Шрифт:
Интервал:
Закладка:
Итак, хотя у моего друга в те времена вовсе не было характера, отсутствия его он совершенно не ощущал. Это чувство появилось позже, когда нам было по шестнадцать-семнадцать лет. Мы как раз стали ходить в театр и читать романы. Воображением моего друга, более восприимчивого, чем я, к сбивающим с толку прелестям искусства, завладели основные типажи городского театра: интриган, благородный отец, герой-любовник, комическое лицо, даже роковая салонная львица и очаровательная простушка. Теперь он разговаривал лишь фальшивым голосом, неожиданно обнаруживая в своем характере все, что только представлено на немецкой сцене. Если он что-нибудь обещал, никогда нельзя было знать, дает ли он честное слово как благородный герой или как интриган; бывало, он начинал с коварства, а заканчивал благородством, и наоборот; он встречал нас, своих друзей, громкими поношениями, чтобы потом, совершенно неожиданно, с элегантной улыбкой бонвивана, предложить нам усесться поудобнее и пододвинуть коробку с шоколадными конфетами; или же он по-отцовски заключал нас в объятия и таскал у нас сигареты из карманов.
Все это было вполне безобидно и очевидно по сравнению с воздействием прочитанных романов. В романах встречаются описания самых удивительных способов поведения во всех житейских обстоятельствах. Правда, есть один крупный недостаток, заключающийся в том, что житейские обстоятельства, в которые ты попадаешь, никогда полностью не совпадают с теми, что описаны в романах и где еще понятно, как нужно поступать и что говорить. Мировая литература представляет собой чудовищных размеров склад, где миллионам человеческих душ предлагают одежду из благородства, гнева, гордости, любви, издевки, ревности, аристократизма и низости. Если женщина, которую мы боготворим, попирает наши чувства ногами, то нам известно, что мы должны обратить к ней свой укоризненный, полный невысказанного чувства взор; если подлый человек дурно обходится с бедной сиротой, мы знаем, что нам следует ударом повергнуть его на землю. А как нам поступать, если боготворимая нами женщина, поправ наши чувства ногами, сразу захлопнула за собой дверь комнаты, и наш полный чувства взор не сможет ее достигнуть? Или если между подлецом, обижающим сироту, и нами находится стол, уставленный драгоценными бокалами? Следует ли нам сначала разбить дверь, чтобы потом через дыру в ней бросать нежные взгляды? Нужно ли осторожно убрать дорогие бокалы, прежде чем замахнуться для яростного удара? В такого рода действительно важных случаях литература нас подводит; может быть, через несколько столетий, когда жизнь опишут еще подробнее, все и исправится.

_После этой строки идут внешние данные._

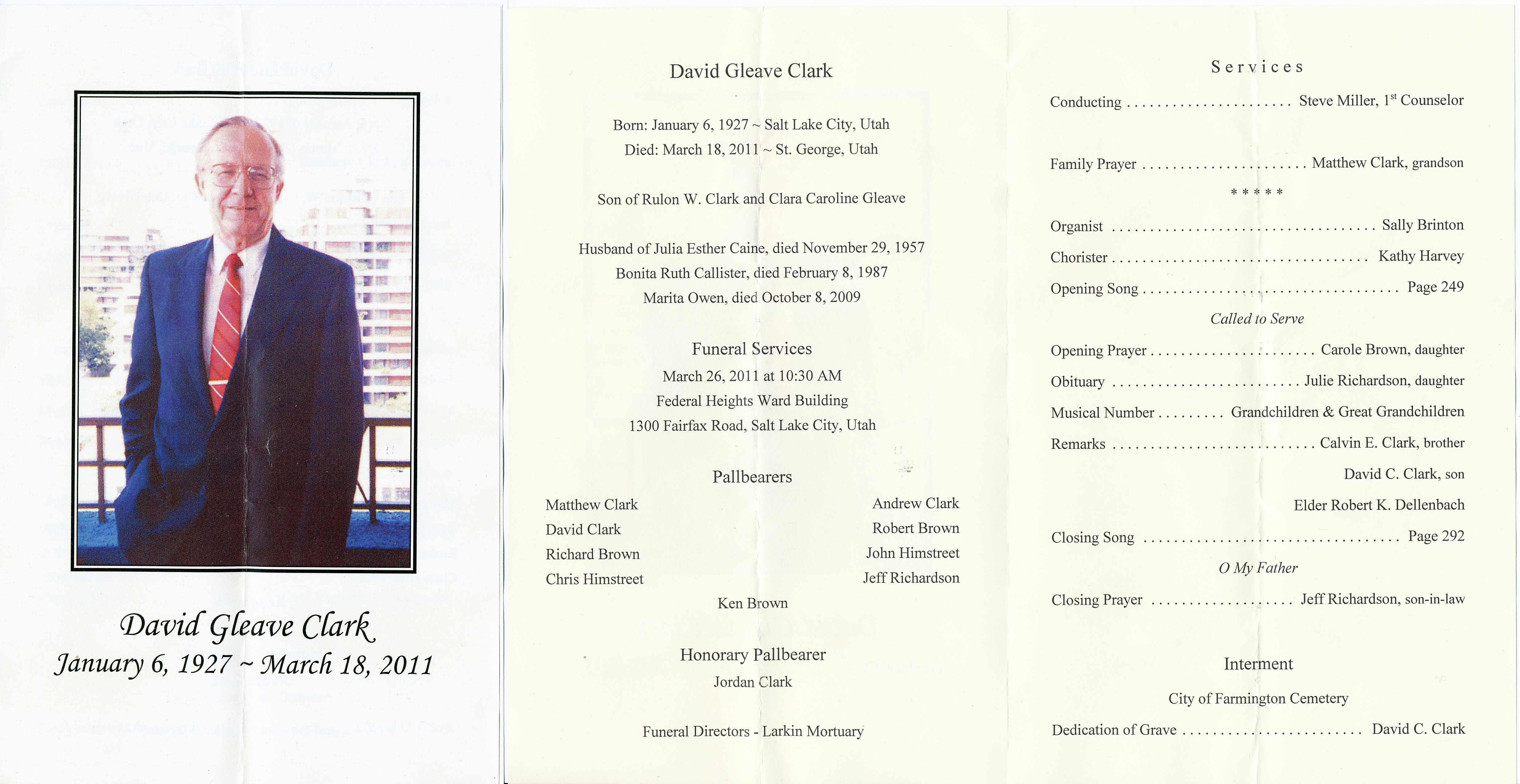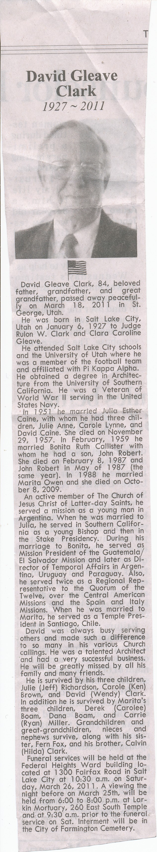 Weekend in Salt Lake City for the funeral of David Clark, who served as mission president during much of the time I was in Guatemala-El Salvador as a missionary. Click here to see the funeral program. Click here to see the obituary.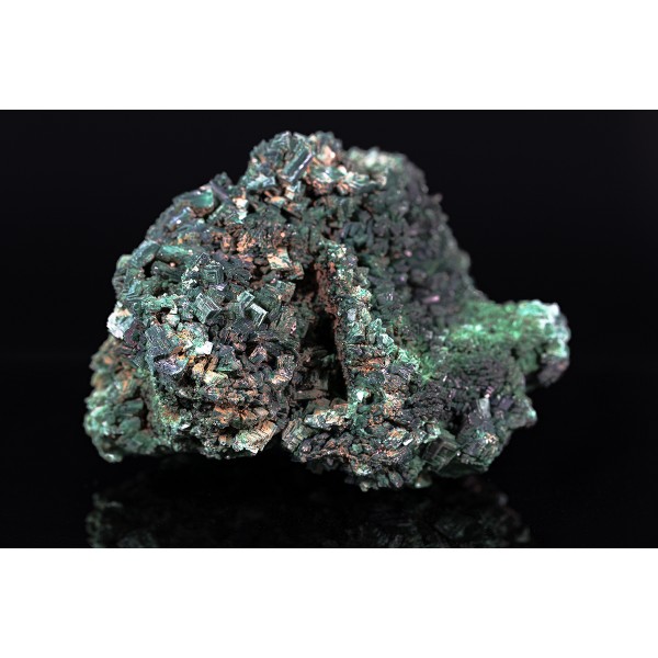 Torbernite du célébre gisement de Margabal près d'Entraygues en Aveyron. Cristaux en sapins flabelliformes de 2.5 cm d'un beau vert franc. L'ensemble cristallisé dans l'espace est un amas de cristaux enchevêtrès du filon de la célébre exploitation réouverte par 2 prospecteurs professionnels ( Jérôme Adani & Gérard Vaubourg ) qui ont permis de mettre à jours près de 3800 pièces exceptionnelles.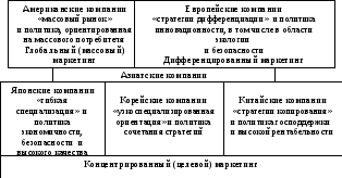 3. Азиатский подход предполагает узкую специализацию производства с элементами копирования на основе массового выпуска, использование приемов концентрированного маркетинга в разработке стандартизированного и индивидуализированного комплексов маркетинга.

Между тем из этой книжной ситуации каждый раз возникает особо неприятное для начитанного характера положение, когда он попадает в так называемые жизненные обстоятельства. В нем бурлит и клокочет добрый десяток загодя припасенных фраз, слегка приподнятых бровей или сжатых кулаков, опущенных плеч и сердец, колотящихся в груди, которые все, вместе взятые, не слишком уместны в данном конкретном случае и все же, кажется, и не вполне неуместны; утолки его губ то поднимаются, то опускаются, чело его то проясняется, то омрачается глубокими морщинами, взор его то испепеляет, то стыдливо гаснет; и все это крайне неприятно, поскольку самому себе, так сказать, взаимно причиняешь боль. В результате в тебе возникают те известные дрожь и трепет, которые распространяются на губы, глаза, руки, горло, наконец на все тело с такой силой, что оно извивается как винт, с которого слетала гайка.
В те времена мой друг открыл для себя, насколько удобнее вместо характера единственного обладать характером собственным, и отправился на его поиски.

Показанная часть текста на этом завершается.